Deterministic token counting · Intelligent chunking · Priority-based context assembly · Cost estimation — the foundation every AI application needs.

Tests PyPI Python License: MIT Downloads

---

Note: This package is a general-purpose LLM context management toolkit and is not related to Microsoft's LayoutLM multimodal models.

Why LLM Context Forge?

Every production AI application eventually hits the same infrastructure problems:

Problem Impact LLM Context Forge Solution
Context window overflow Silent failures, truncated responses Priority-based assembly with overflow tracking
Inaccurate token counting Budget overruns, dropped requests Deterministic counting via tiktoken + heuristic fallbacks
Naive text splitting Broken semantics, degraded LLM reasoning 5 chunking strategies (sentence, paragraph, semantic, code, fixed)
Unpredictable API costs Surprise bills, no cost governance Pre-flight cost estimation across 15+ models
Oversized prompts Wasted tokens, slow responses 4 compression strategies (extractive, truncate, middle-out, map-reduce)

Installation

pip install llm-context-forge

With API server support:

pip install "llm-context-forge[api]"

Quick Start

Token Counting

from llm_context_forge import TokenCounter

counter = TokenCounter("gpt-4o")
tokens = counter.count("Hello, world!")
print(f"Tokens: {tokens}")  # Tokens: 4

# Check context window fit
fits = counter.fits_in_window("Your prompt...", reserve_output=500)
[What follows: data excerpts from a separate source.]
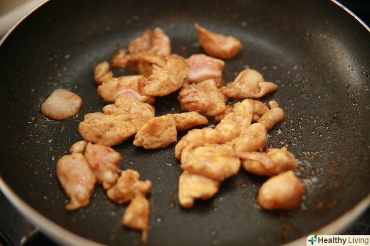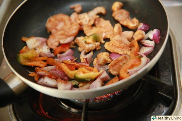 У великому сотейнику розігрійте масло на середньому вогні.змішайте зелений перець, червоний перець, цибулю і курку. Готуйте овочі приблизно десять хвилин, до того, як курка більше не буде рожевою всередині.
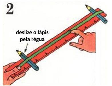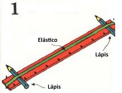 Coloque um elástico ao redor de uma régua, como na imagem, e em cada extremo da régua e embaixo do elástico ponha os lápis.
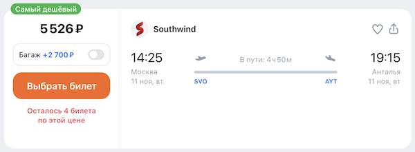 Билеты из Москвы в Анталью в ноябре от 12.500 рублей туда-обратно.
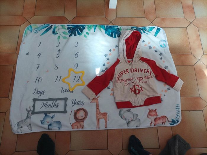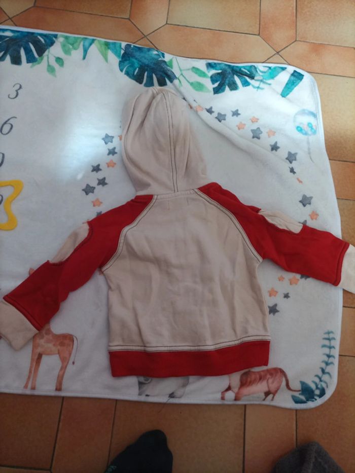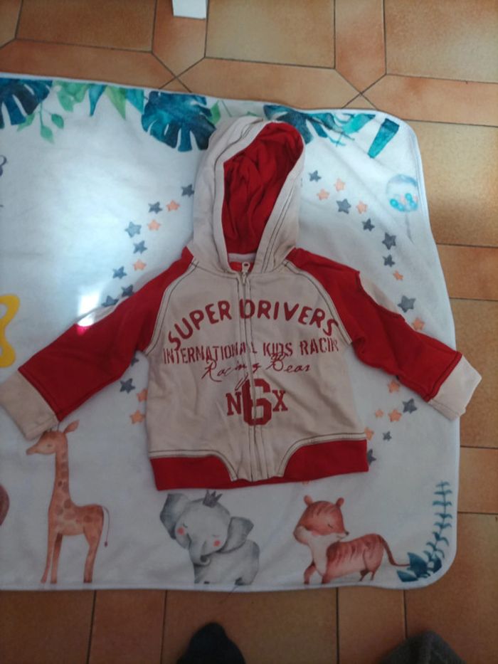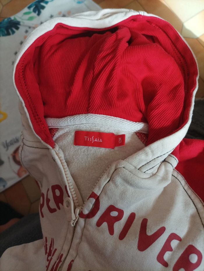 Gilet / Sweat en coton à fermeture éclair Marque Tissaia Taille 12 mois Couleur beuge et roug Superdrivers International kids racing Très bon état très peu porté #12mois #12moisgarcon #garcon12mois
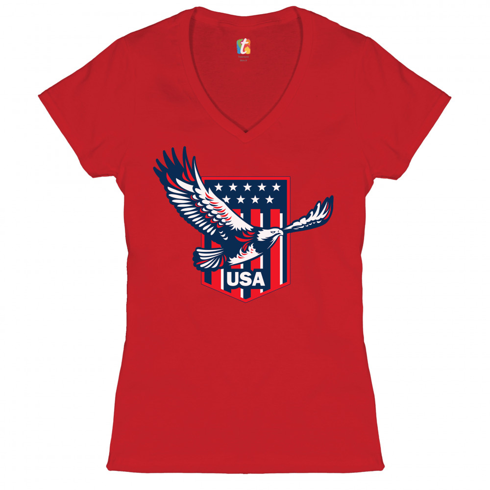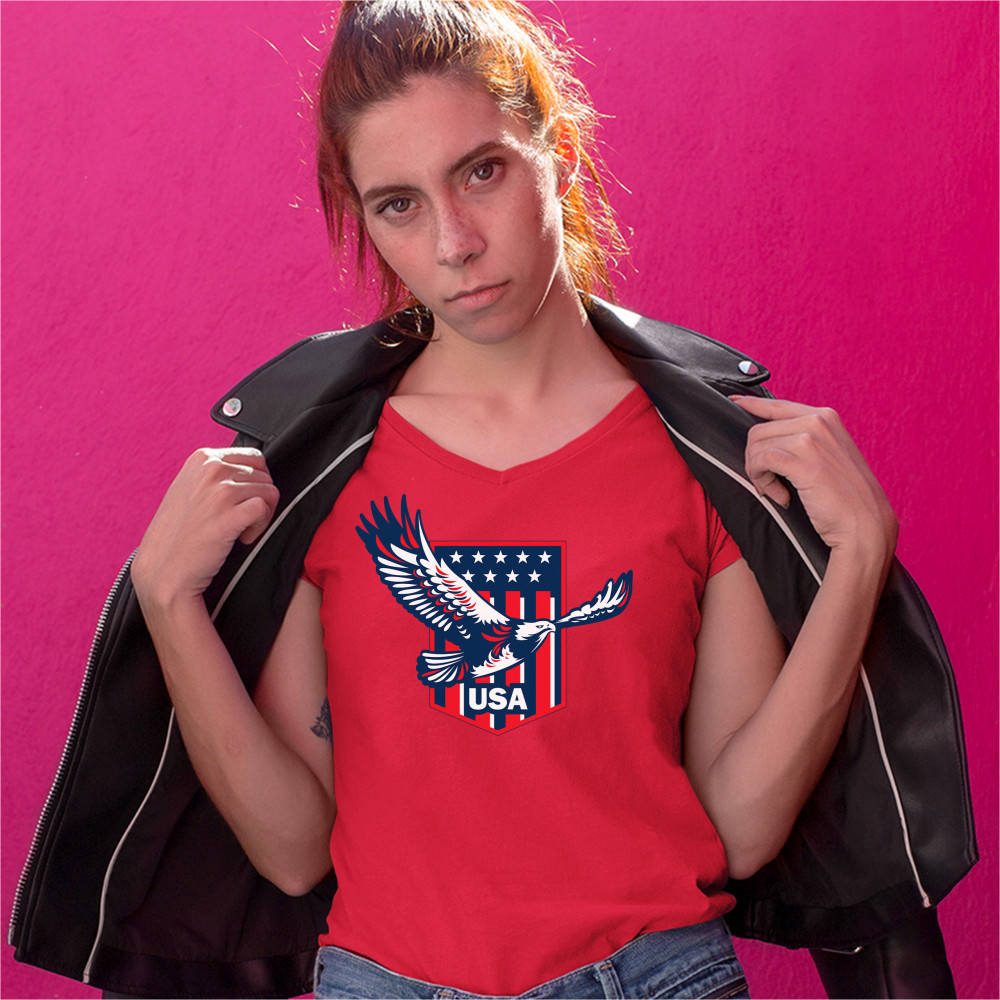 USA BALD EAGLE women's v-neck t-shirt stars and stripes shield 4th of july tee red
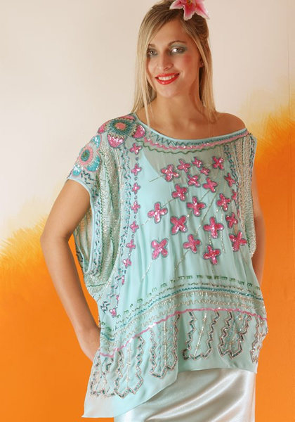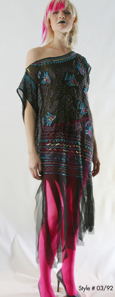 現年63歲的Zandra Rhodes,是英國乃至世界時裝界舉足輕重的人物,她所設計的朋克時裝在上個世紀70年代曾經風靡一時,并曾為Jackie Onassis, Diana Ross, Diana王妃設計造型。后來,隨著中性色調的流行,她用色鮮明、圖案大膽的設計風格逐漸淡出時裝舞臺;但是,在進入本世紀之后,新一代的年輕人又開始欣賞起她獨特的品位。
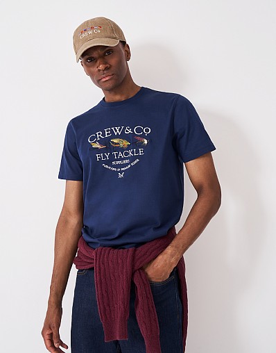 Embroidered Cotton Fly Fishing Tee in Deep Blue
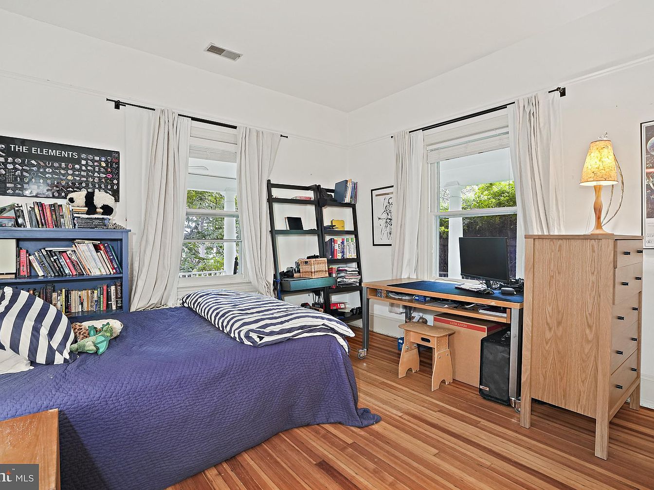 A cozy bedroom featuring warm wooden flooring and soft white walls. A large bed, adorned with a deep purple quilt and striped pillows, sits prominently in the space. To one side, an eclectic bookshelf painted in deep blue holds a variety of books and decorative items. Natural light streams through two large windows dressed with flowing white curtains, accentuating the airy atmosphere. A simple wooden desk provides a workspace, complemented by a lamp that adds a soft glow. A lean silhouette from a tall dresser adds height and balance, while framed art adds character to the serene environment.
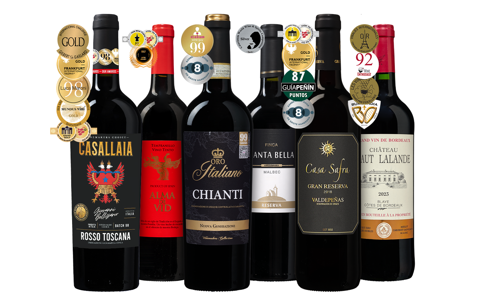 Zes keer raak. En niet zomaar raak – dit zijn stuk voor stuk roodwijnen die overladen zijn met medailles. In het Medailleknallers Rood pakket proef je bewezen kwaliteit uit verschillende topregio’s. Met als absolute uitblinker Casallaia (maar liefst 5 medailles!) en publieksfavoriet Oro Italiano Chianti (99 punten IWG en 8 DGH). Ook Casa Safra Gran Reserva schittert met 4 medailles, net als Ch Haut Lalande. De krachtige Finca Santa Bella Malbec won een zilveren medaille en Alma de Vid viel twee keer in de prijzen. Dit pakket is perfect als je zeker wilt zijn van kwaliteit in je glas. Ontdek zelf waarom deze wijnen door internationale jury’s zijn bekroond – en maak van ieder moment een medaillewaardig genietmoment.

# Estimate cost before sending
cost = counter.estimate_cost("Your prompt...", direction="input")
print(f"Cost: ${cost:.6f}")

Intelligent Chunking

from llm_context_forge import DocumentChunker, ChunkStrategy

chunker = DocumentChunker("gpt-4o")

# Chunk respecting paragraph boundaries
chunks = chunker.chunk(
    long_document,
    strategy=ChunkStrategy.PARAGRAPH,
    max_tokens=500,
    overlap_tokens=50,
)

# Specialized chunkers
code_chunks = chunker.chunk_code(source_code, language="python")
md_chunks = chunker.chunk_markdown(readme_text)

Priority-Based Context Assembly

The core pattern for RAG applications — guarantee critical context fits while gracefully dropping lower-priority content:

from llm_context_forge import ContextWindow, Priority

window = ContextWindow("gpt-4o")

# System instructions — always included
window.add_block("You are a legal assistant.", Priority.CRITICAL, "system")

# User query — high priority
window.add_block("What is the statute of limitations?", Priority.HIGH, "query")

# RAG search results — included if space permits
window.add_block(search_result_1, Priority.MEDIUM, "rag_1")
window.add_block(search_result_2, Priority.LOW, "rag_2")

# Assemble: packs highest-priority blocks first
prompt = window.assemble(max_tokens=4096)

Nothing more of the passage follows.